Coadministration has not been studied. Lopinavir/ritonavir is metabolised by CYP3A and inhibits CYP3A. Chloroquine is metabolised by CYPs 2C8, 3A4 and 2D6, and is also eliminated unchanged via the kidney (50%). No effect on lopinavir/ritonavir is expected, but inhibition of CYP3A by lopinavir/ritonavir may increase chloroquine concentrations (although to a moderate extent due to the multiple elimination pathways), thereby increasing the risk of QT prolongation as both drugs have risks of QT prolongation and/or TdP on the CredibleMeds.org website (known risk for chloroquine; possible risk for lopinavir). Due to the very long half-life, the risk of QT prolongation may persist even after discontinuation of chloroquine. No dosage adjustment is recommended for chloroquine but ECG monitoring is advised.

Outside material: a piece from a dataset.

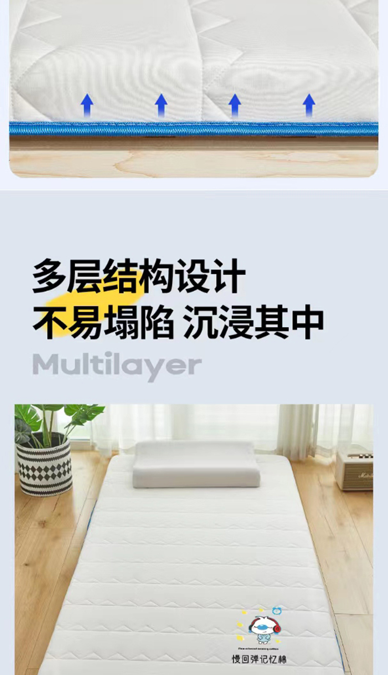 久久红 2025新款针织慢回弹记忆棉床垫学生款 灰色10cm

A case report suggests that lopinavir/ritonavir has no clinically significant interaction with dabigatran. A reduced dabigatran dosage of 75 mg twice daily (due to the anticipated interaction with lopinavir/ritonavir) resulted in insufficient dabigatran plasma concentrations. Dabigatran concentrations comparable to historical data were achieved in this patient at a dosage of 110 mg twice daily. However, due to limited data, close clinical monitoring is recommended when ritonavir-boosted protease inhibitors are used with dabigatran particularly in patients with mild or moderate renal impairment as data with verapamil (a P-gp inhibitor) and dabigatran suggest the dabigatran dose might need to be reduced in presence of a P-gp inhibitor such as lopinavir/ritonavir. Note, dabigatran is not recommended in patients with severe renal impairment.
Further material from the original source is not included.